Reverse Polish Notation (or short RPN) is a special notation of mathematical operations, wherein every operator follows all of its operands (this is also called postfix notation). This means that instead of writing "3+5", the RPN representation would be "3 5 +".
Even more complex expressions can be easily transformed into the RPN notation, take for example "(2+5) (9-3*2)". This can be represented in RPN as "2 5 + 9 3 2 - *". There is a well-known algorithm (the Shunting yard algorithm) that converts any traditional infix-notation into an RPN expression. This also includes function calls and any sort of constant objects (like strings, numbers etc).
You can easily use the aforementioned Shunting yard algorithm to convert any expression into an RPN notation. In order to get bytecode, you only have to tag each element from the RPN stream corresponding to its type (ie is it an operation or an operand). This bytecode then has to be extended to support (conditional) jumps and some special operations like variable assignments etc.
My implementation does not use the shunting yard algorithm, instead I use a traditional recursive parser which directly can produce the RPN bytecode. Actually the fact that I already had a parser for a simpler interpreter made me think about RPN code, because it turns out to be much easier to produce RPN bytecode in contrast to code for a more advanced virtual machine with registers. Plus the RPN bytecode implicitly still contains the complete abstract syntax tree, which in turn opens the door for aggressive optimisation algorithms, or even a bytecode transformer that produces native assembler code.
The final interpretation of the RPN based bytecode is rather easy, you simply need a stack for all incoming value-type tokens, and then you can easily scan the RPN stream as follows:
Actually I have just implemented a basic bytecode compiler which does not use the shunting-yard algorithm to parse a script, but has a more traditional approach. But it does produce RPN bytecode and the bytecode executor simply is a big switch-statement (with different cases corresponding to different operators or value-types).
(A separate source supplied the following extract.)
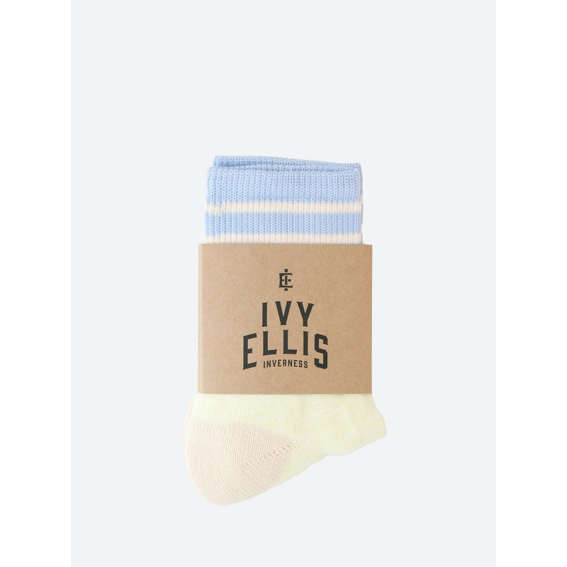 The Embo - named after one of the Scottish Highland coastlines. Made in soft yellow slub yarn with signature vintage cream heel and toe.Soft elasticated top in baby blue stripesVintage cream heel and toeMaterialsFabric Content: 86% cotton, 13% polyamide, 1

You can access the scripting engine via SVN as part of the Magnum framework at svn://subversion.dimajix.de/magnum. I will try to package a smaller download version (or a new release of Magnum) soon.
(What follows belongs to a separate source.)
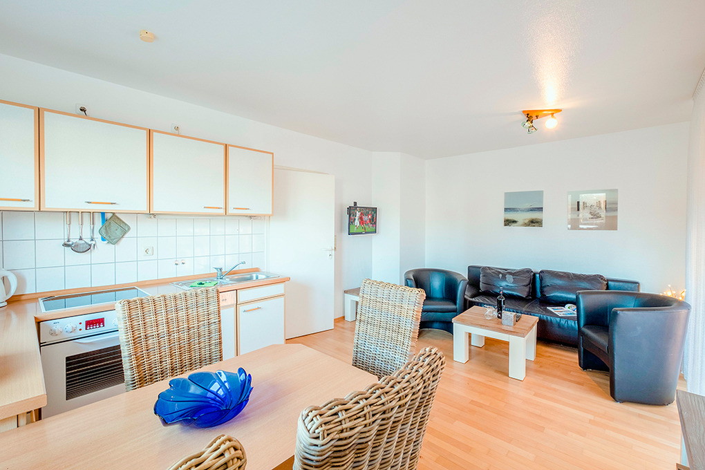 D 67.0907 Wohnung 2-4 Pers.: 2-Zimmerwohnung mit 40 qm Wohnfläche, in 2013 komplett renoviert. Wohn-/Essraum mit Couchgarnitur (Ausziehcouch 2 Pers.), Sat-TV, Esstisch, Küchenzeile (Backofen, Spülmaschine). Doppelzimmer. Bad/WC. Balkon mit Sitzmöbeln.

As a reader indirectly pointed out, my system is similar to The FORTH Programming Language in that both use RPN notation (although my scripting engine only uses RPN internally an sticks to the standard notation as its input format) and two stacks (one for data and one for return addresses - the second stack currently is not explicitly implemented in Magnum, but my bytecode intepreter works recursively, so the return addresses are stored on the real CPU stack.)
Because of this insight, I began to concentrate on writing an easy-to-implement bytecode compiler that would transform a text-based script into a more machine-friendly representation. A positive side-effect of bytecode is that simple fact that it is much faster to execute than the original textual representation. The downside of this approach is the fact that it involves writing a compiler - something that sounds to be a complex and difficult task.
But after analysing the process of parsing a script, I came to the conclusion that such a compiler and its corresponding bytecode interpreter ("virtual machine") would be rather straight-forward and easy to implement, if the underlying model of the virtual machine is chosen carefully. In my opinion the best machine model (in terms of simplicity to implement a compiler and interpreter) it a purely stack-based RPN (Reverse Polish notation) machine. And such a model not only is easy to implement, but it also easy to extract the original syntax tree from the bytecode, which in turn allows further optimisation techniques as a postprocessing step (it even wouldn't be to hard to turn bytecode into native assembler).
What does RPN mean?
Reverse Polish Notation (or short RPN) is a special notation of mathematical operations, wherein every operator follows all of its operands (this is also called postfix notation). This means that instead of writing "3+5", the RPN representation would be "3 5 +".
Even more complex expressions can be easily transformed into the RPN notation, take for example "(2+5) (9-3*2)". This can be represented in RPN as "2 5 + 9 3 2 - *". There is a well-known algorithm (the Shunting yard algorithm) that converts any traditional infix-notation into an RPN expression. This also includes function calls and any sort of constant objects (like strings, numbers etc).
How to generate RPN bytecode from a procedural scripting language?
You can easily use the aforementioned Shunting yard algorithm to convert any expression into an RPN notation. In order to get bytecode, you only have to tag each element from the RPN stream corresponding to its type (ie is it an operation or an operand). This bytecode then has to be extended to support (conditional) jumps and some special operations like variable assignments etc.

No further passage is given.